From: Craig Francis <craig.francis@gmail.com>
Date: Tue, 29 Mar 2016 11:04:31 +0100
Cc: WebAppSec WG <public-webappsec@w3.org>
Message-Id: <307D0EDC-DF85-4058-A030-1127DF62BF8E@gmail.com>
To: Chris Palmer <palmer@google.com>
On 28 Mar 2016, at 20:39, Chris Palmer <palmer@google.com> wrote:

> I'd much rather have the embedder explicitly pass the relevant text ... an iframe element attribute.

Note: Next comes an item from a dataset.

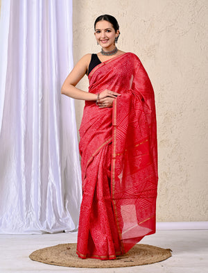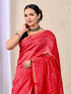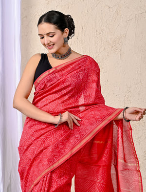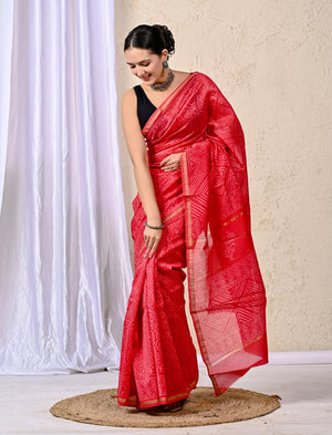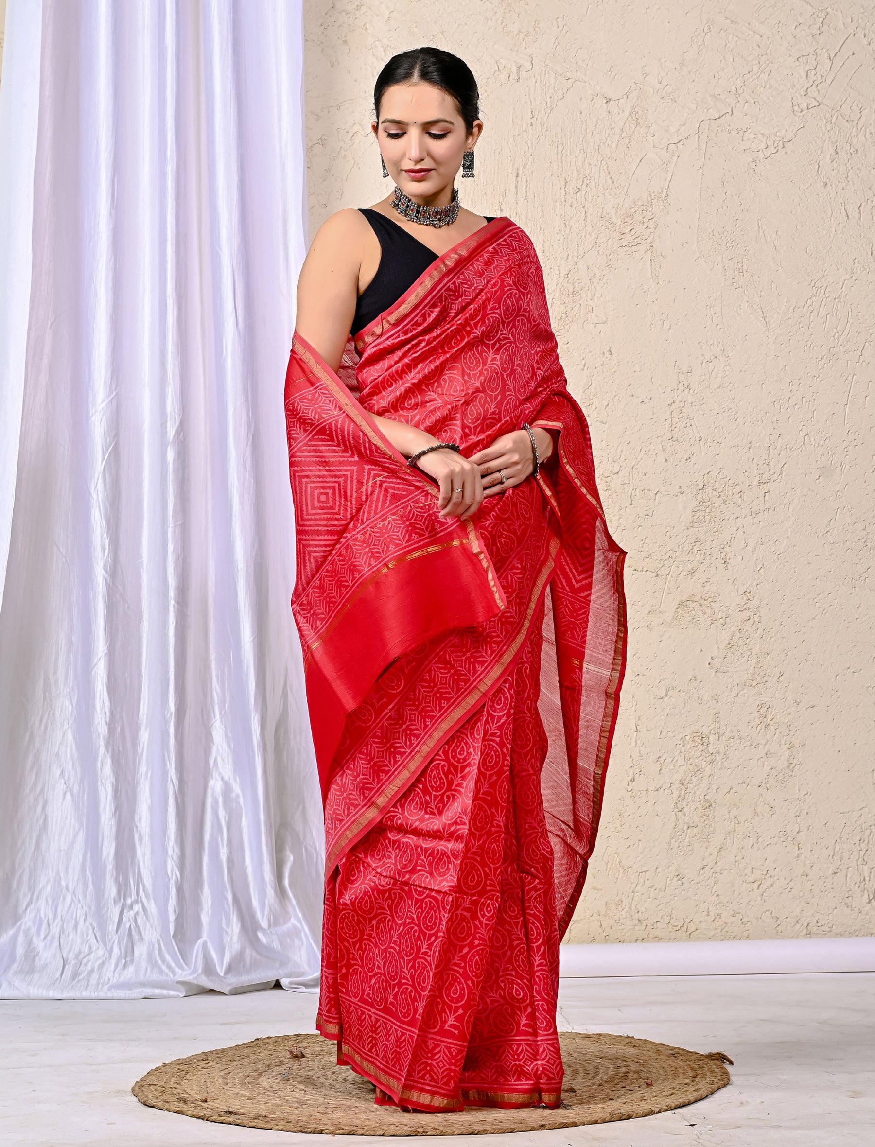 This printed saree is presented to you by Gulabchand Prints, A well-known brand in hand block prints from over 9 decades. This exclusively saree is made of 100% pure chanderi fabric with having printed prints over it. Attached with a blouse, this saree can be your perfect for your saree needs.

Actually, this is a good point...

Taylor Hunt suggested something similar on WICG Discourse:

https://discourse.wicg.io/t/feature-request-allow-auto-resize-on-iframe/1405/5 <https://discourse.wicg.io/t/feature-request-allow-auto-resize-on-iframe/1405/5>

They wanted variables to be passed into the iframe (in their case to customise the CSS, maybe the widget could set a theme colour?).

Maybe this is worth considering?

It would be easier than passing everything though the iframe src, e.g.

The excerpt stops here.